What makes me so mad about them is you think they heard you what you were asking for, only to find out they did not, then what really gets me :furious: is if I get to a job and then learn they screwed up my order. :furious:


----------



## Bill (Jun 17, 2008)

Ferguson Strikes Again!


----------



## Ron (Jun 12, 2008)

No this was Keller Supply, I don't do Fergee, last time I went there looking for a 1" brass nipple x close they did not have any, what a joke, and there suppose to be a supplier.


----------



## Plumberman (Jul 7, 2008)

I try to always check my parts before I pull out of the parking lot. I have been burnt a few times because I didnt. When your an hour out of town and half way through your day and realize you need one more fitting, send the helper to the box and he comes back saying its not there...:furious: makes for a bad day.


----------



## user4 (Jun 12, 2008)

USP45 said:


> Ferguson Strikes Again!


The Ferguson here is one of the better supply houses in town.


----------



## Ron (Jun 12, 2008)

Killertoiletspider said:


> The Ferguson here is one of the better supply houses in town.


One of the few out there.


----------



## ILPlumber (Jun 17, 2008)

My wholesaler is 80 miles away. They run a semi to me once a week. If something isn't right they run a guy in a truck to me immediately with the correct stuff. My orders usually get scrutinized pretty closely before leaving the supply house for this reason.

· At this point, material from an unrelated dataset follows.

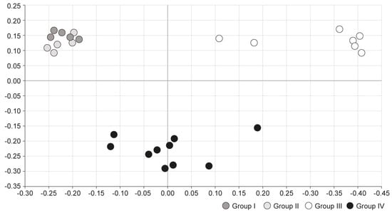 Principal coordinates analysis (PCoA) was conducted to compare microbial communities between the four groups. In PCoA analysis, points that are closer together represent microbial communities that are more similar in sequence composition. Group I and II showed similar trends, whereas group III showed a distinctly different trend of microbiome composition. Group IV, which was treated with S-GM therapy, showed moderate disposition (Figure 3).

Last week they only had one thing wrong. I ordered a stick of 1" brass pipe and they brought 3/4". :no: Wrong stuff only happens bout 3 times per year. Can't complain.


----------



## Bill (Jun 17, 2008)

fergs here so far can screw up a wet dream. Done a Moes once and had to wait for 3 weeks to get my grease trap! Worst thing is they had done the take off 3 weeks before the job began, so thats a total of 6 weeks!

This is the one I had to wait for, the TZ600
http://www.big-dipper.com/big-dipper-grease-traps/trapzilla-grease-traps/default.php


----------